Records from a collection
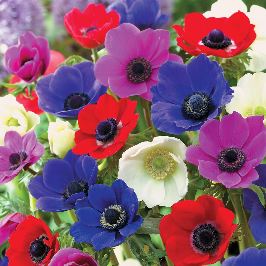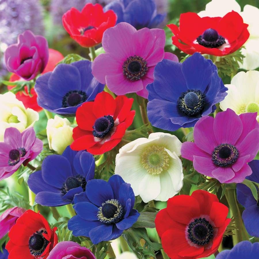 These 2-inch blooms are simply drenched with color, arising on 12- to 18-inch stems just perfect for cutting. In the garden or vase, De Caen Poppy Anemone Bulbs are long-lasting and lovely, arising in shades of bright red, bubblegum pink, azure blue, and clean white, plus interesting bicolors and combinations. What a nice alternative to yellow Daffodils for the spring garden!
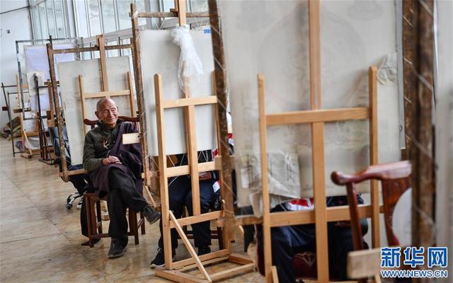 嘎瑪?shù)吕绽先嗽谖鞑夭际锌ㄈ魠^(qū)嘎瑪鄉(xiāng)的民族手工藝培訓(xùn)基地里教學(xué)員們畫(huà)唐卡(10月3日攝)。新華社記者 普布扎西 攝
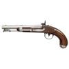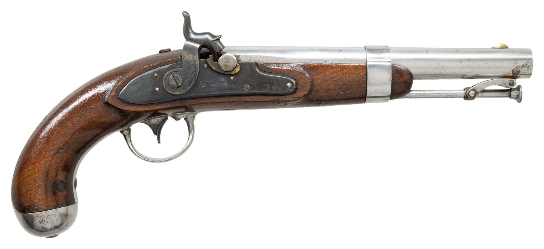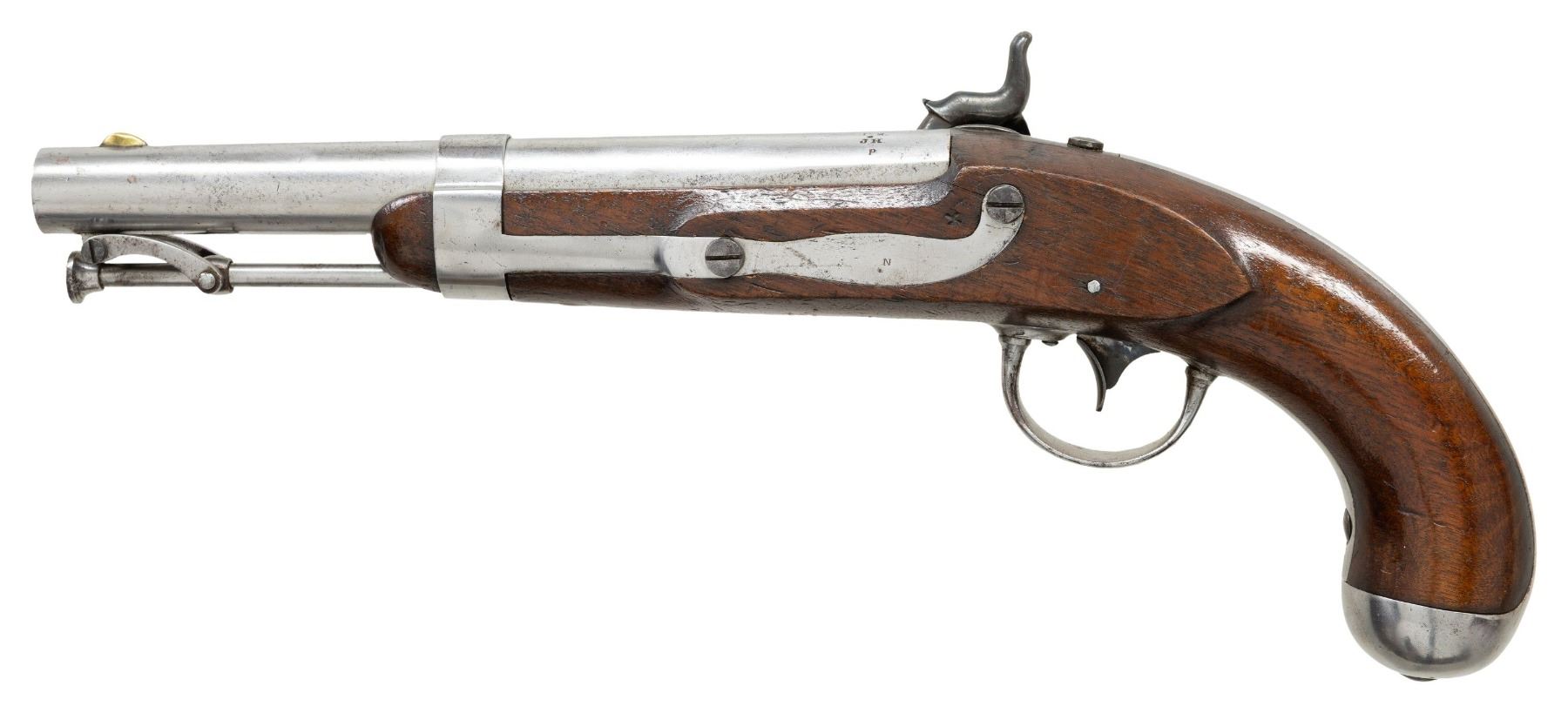 M1836 PISTOL. Cal. 54. NSN. Smoothbore 8.5" barrel w/ brass blade front sight, bolster percussion conversion & swivel ramrod. A Water lock converted to percussion having replacement hammer, & remnants of brass pan. Walnut stock w/ iron furniture & "X" stamp above sideplate. CONDITION: barrel & other iron components have cleaned bright appearance with prior pitting & scratches; sm. crack in barrel band. Lock has reblued finish. Wood has extra finish applied showing numerous marks. Bore show light pitting. PROVENANCE: Estate Collection of Nicholas Apergis. (01-27425/MD). ANTIQUE. $700-1,000.
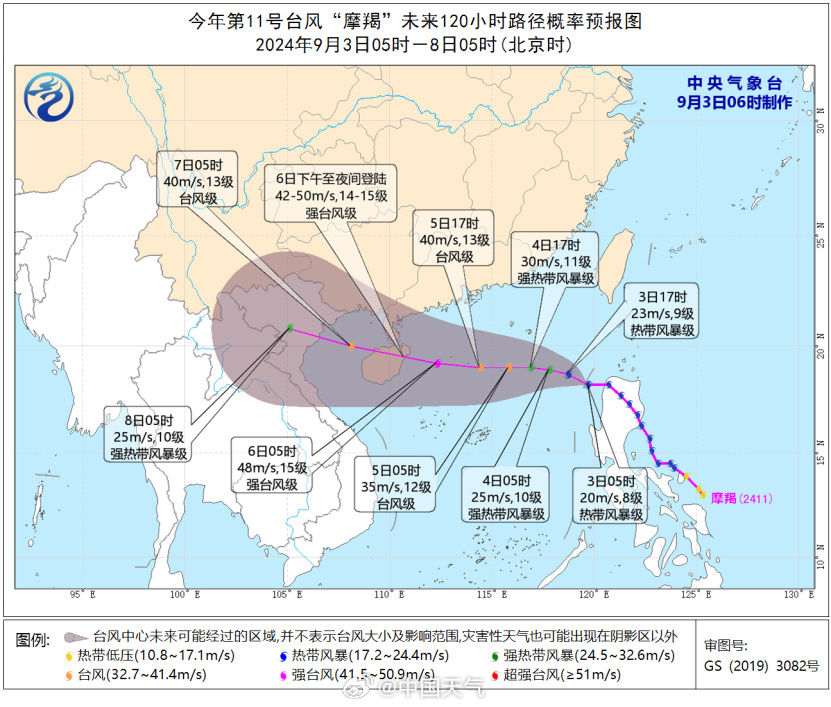 ③台风“摩羯”或将于6日下午到夜间在海南岛东部到广东西部一带沿海登陆,登陆时中心附近最大风力有14-15级(42-50米/秒,强台风级)。
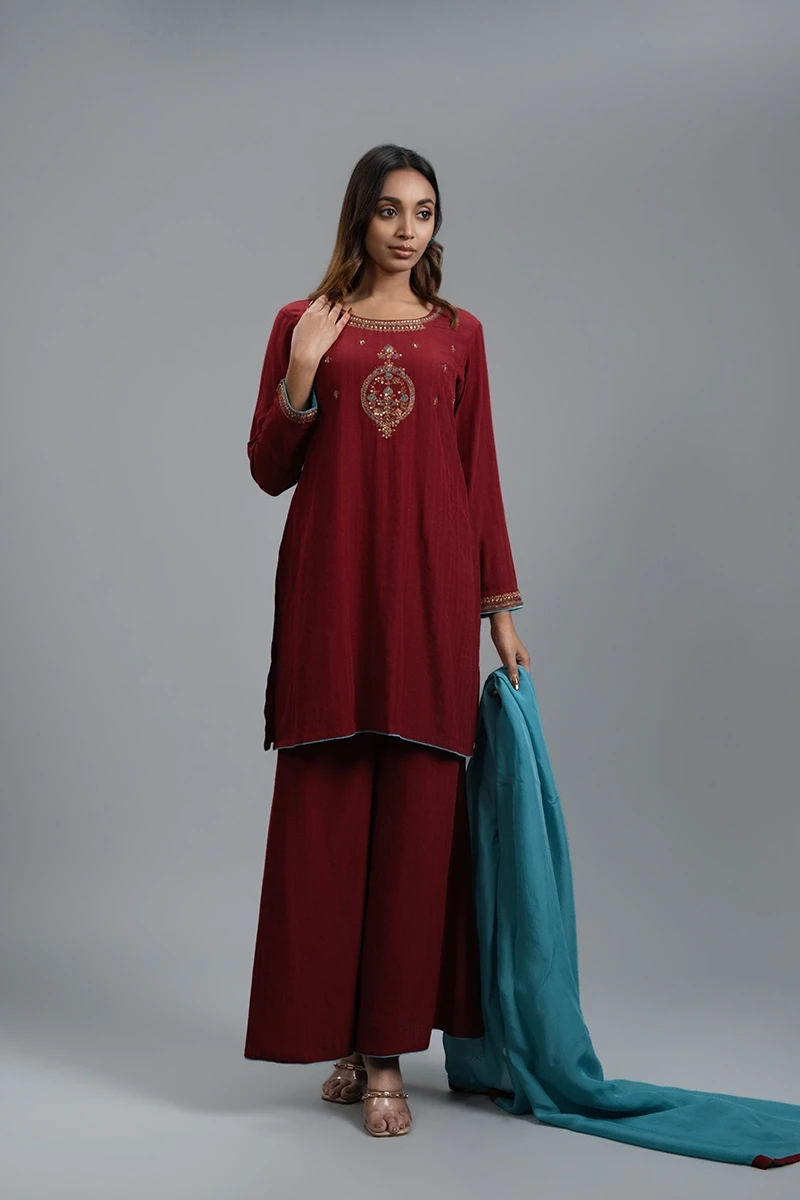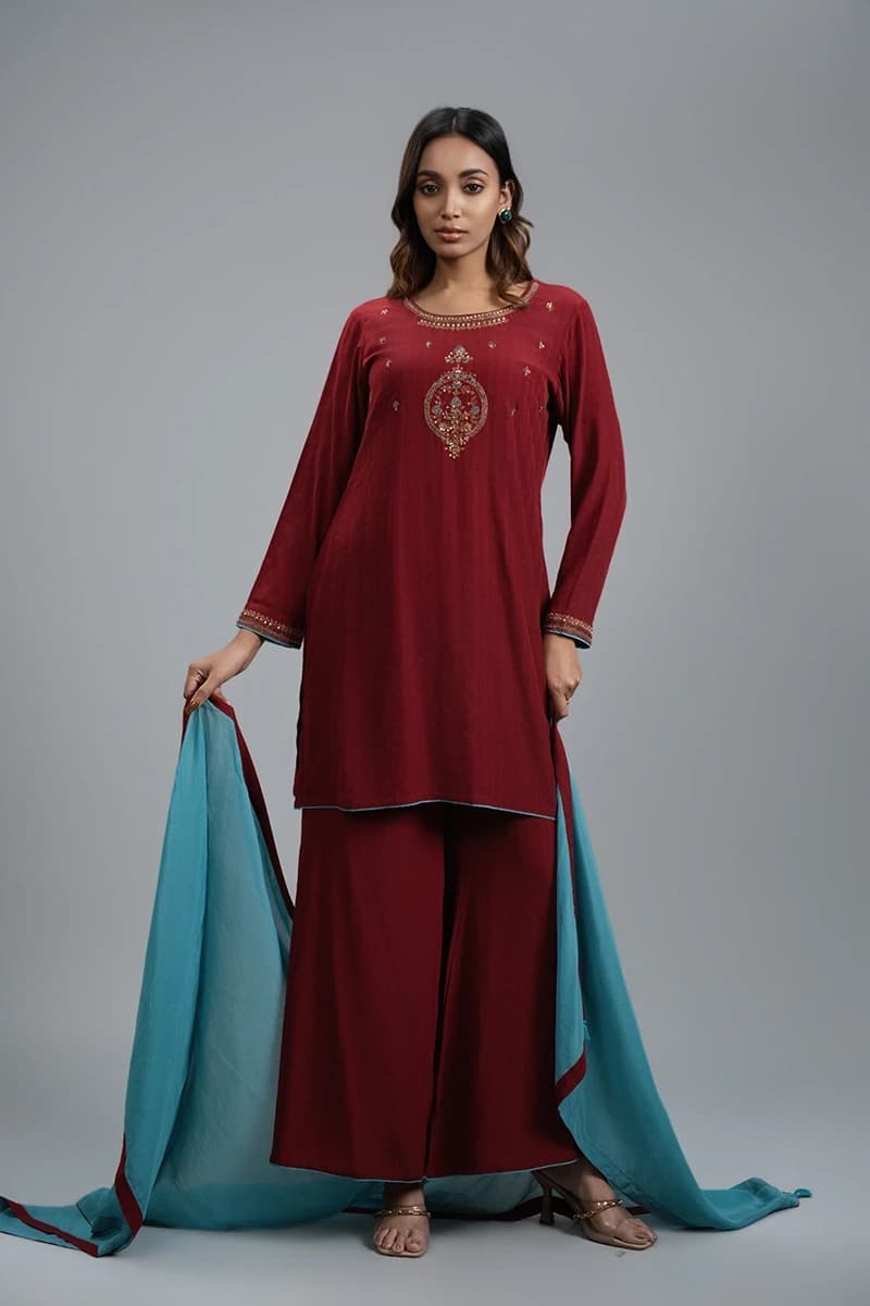 Make a statement with this premium Crimson Red Kamiz, designed to exude elegance and sophistication. Featuring exquisite hand work on the front, it adds a touch of artisanal charm to a timeless silhouette. Paired with a perfectly matching bottom, the ensemble is complemented by a soft sky blue dupatta, creating a striking color contrast. Crafted for a refined, premium look, this outfit is perfect for special occasions, festive celebrations, or any event where style and grace are a priority.
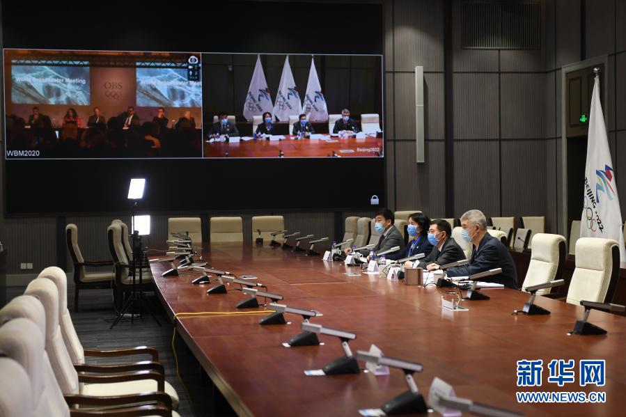 這是2020年2月24日,北京冬奧會和冬殘奧會2020年世界轉(zhuǎn)播商大會北京分會場通過視頻連線方式參會。新華社記者 鞠煥宗 攝
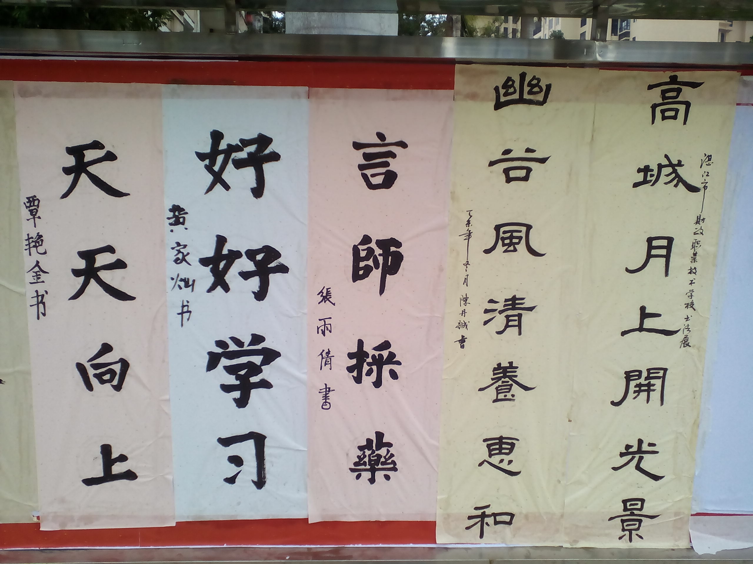 12月28日下午,主校区举办师生书法作品展活动。本次师生书法作品展活动由主校区书法协会主办。全部参展优秀书法作品均来自主校区老师和学生之手,这是我校成立书法兴趣班的重要成果,又是我校教学改革的一个重要举措。

§ WORK TO BE COMPLETED:
Set down the records in full and exactly. Do not carry over any image.

§ ANSWER SPACE:
 These 2-inch blooms are simply drenched with color, arising on 12- to 18-inch stems just perfect for cutting. In the garden or vase, De Caen Poppy Anemone Bulbs are long-lasting and lovely, arising in shades of bright red, bubblegum pink, azure blue, and clean white, plus interesting bicolors and combinations. What a nice alternative to yellow Daffodils for the spring garden!
 嘎瑪?shù)吕绽先嗽谖鞑夭际锌ㄈ魠^(qū)嘎瑪鄉(xiāng)的民族手工藝培訓(xùn)基地里教學(xué)員們畫(huà)唐卡(10月3日攝)。新華社記者 普布扎西 攝
 M1836 PISTOL. Cal. 54. NSN. Smoothbore 8.5" barrel w/ brass blade front sight, bolster percussion conversion & swivel ramrod. A Water lock converted to percussion having replacement hammer, & remnants of brass pan. Walnut stock w/ iron furniture & "X" stamp above sideplate. CONDITION: barrel & other iron components have cleaned bright appearance with prior pitting & scratches; sm. crack in barrel band. Lock has reblued finish. Wood has extra finish applied showing numerous marks. Bore show light pitting. PROVENANCE: Estate Collection of Nicholas Apergis. (01-27425/MD). ANTIQUE. $700-1,000.
 ③台风“摩羯”或将于6日下午到夜间在海南岛东部到广东西部一带沿海登陆,登陆时中心附近最大风力有14-15级(42-50米/秒,强台风级)。
 Make a statement with this premium Crimson Red Kamiz, designed to exude elegance and sophistication. Featuring exquisite hand work on the front, it adds a touch of artisanal charm to a timeless silhouette. Paired with a perfectly matching bottom, the ensemble is complemented by a soft sky blue dupatta, creating a striking color contrast. Crafted for a refined, premium look, this outfit is perfect for special occasions, festive celebrations, or any event where style and grace are a priority.
 這是2020年2月24日,北京冬奧會和冬殘奧會2020年世界轉(zhuǎn)播商大會北京分會場通過視頻連線方式參會。新華社記者 鞠煥宗 攝
 12月28日下午,主校区举办师生书法作品展活动。本次师生书法作品展活动由主校区书法协会主办。全部参展优秀书法作品均来自主校区老师和学生之手,这是我校成立书法兴趣班的重要成果,又是我校教学改革的一个重要举措。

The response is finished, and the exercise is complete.